10. Determine the base salary / variable split

Michael Hanna, Revenue Ops Lead, Shopify

I recommend that you begin laying out your compensation plans by ironing out the base salary and variable compensation for each role.

First, determine the role’s base salary by assessing the following:

  • Level of difficulty,
  • Level of autonomy (how much are they out on their own?), and
  • Experience required.

The higher for each, the greater the base salary will typically be.

Next, determine the variable comp based on your answers to the following questions:

  • How complex is your sales cycle?
  • How much influence do reps have on the buying decision?
  • Is your model primarily inbound or outbound?
  • Is the focus of the role primarily hunting (outbound), farming (growing existing business) or catching (inbound)?

Here’s an example of where certain sales roles may fit on the base salary / variable comp spectrum in the graph below:

Once you have an idea of the total target compensation for the role, you can start determining the base elements that will drive your comp model.

Excerpt from “Choosing the Best Sales Compensation Plan for Your Business.”

11. Design an onboarding process that will make sales reps stay

Tonni Bennett, VP of Sales, Terminus

When I was new to sales leadership and onboarding reps, I did a lot of classroom style training and thought that once I shared a concept, my team would be able to absorb it and put it into practice immediately. I mistakenly trained people the way that met my learning style and capability, and expected them to know the material intimately right away.

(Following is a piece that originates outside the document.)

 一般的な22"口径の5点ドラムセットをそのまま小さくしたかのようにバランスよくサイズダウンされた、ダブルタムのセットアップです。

But I learned that taking into account different learning styles and preferences is incredibly important in helping sales professionals to retain the information long term, and that repetition of key concepts is vital for long term retention.

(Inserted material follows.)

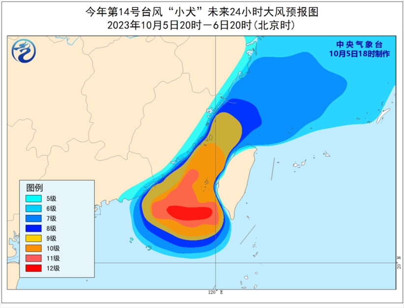 大風(fēng)預(yù)報(bào):5日20時(shí)至6日20時(shí),東海大部及釣魚(yú)島附近海域、巴士海峽西北部、臺(tái)灣海峽、南海東北部以及浙江沿海、福建沿海、廣東東部沿海、臺(tái)灣島北部沿海將有6-8級(jí)、陣風(fēng)9-10級(jí)的大風(fēng),其中巴士海峽西北部、臺(tái)灣海峽、南海東北部等地部分海域?qū)⒂?-10級(jí)、陣風(fēng)11-13級(jí)的大風(fēng),“小犬”中心經(jīng)過(guò)的附近海面風(fēng)力有11-13級(jí),陣風(fēng)14-15級(jí)。

“Taking into account different learning styles and preferences is incredibly important in helping sales professionals to retain the information long term”

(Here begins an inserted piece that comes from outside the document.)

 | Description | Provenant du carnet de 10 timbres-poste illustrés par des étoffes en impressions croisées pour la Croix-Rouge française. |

I now try to incorporate auditory, visual and tactile elements into my team’s onboarding to meet all three learning styles, and ask new reps how they prefer to process information. Does role-play help them absorb a concept, or is sitting in a room alone reading over notes or talking out loud to the wall more effective?

Every time we onboard, we adjust parts of the onboarding based on feedback from our new hires about how they best retain information, giving them space to absorb the material and to practice in their own way. On top of that, we slowed down our onboarding program, stretching it across a longer period of time to make sure that at least the biggest topics and talk tracks are not taught once, but repeated or recapped several times.Hearing, seeing and taking action on a concept over several days improves new hires’ retention and long term understanding of the material, instead of simply facilitating regurgitation of the concept.

To further reinforce the training, our follow-up materials include a written version of a concept, a video or audio recording of a talk track by a leader, a couple of live examples from the field and then a requirement to execute a role-play or presentation of what the new hire has learned.

12. Train reps for effectiveness, not just efficiency

Richard Harris, Founder, The Harris Consulting Group

Efficiency has been the “sales du jour” topic of the month for the past 18 months. While efficiency matters and the sales stack is becoming more robust, what was thought of as nice-to-have has become a must-have (data, dialers, email, etc.) Now that we have made ourselves more efficient, people are finally realizing that efficiency is only 30% of the battle. The other 70% of the battle happens in the conversations.

This means both training and sales coaching are no longer merely something to consider, but something required.

Gone is the time when two days of features and benefits, a half day of CRM training and then a few hours of “ghosting the top rep,” (which turned into bullshit because they rarely ever got on live calls) are acceptable. In fact, if this is your sales training, just quit now. Go find a company who respects the role enough to give you guidance and support and help shorten your ramp time, and sees you as a benefit to the company, not a cost to control or manage.

Excerpt from “The Ultimate Guide to Winning Sales Conversations.”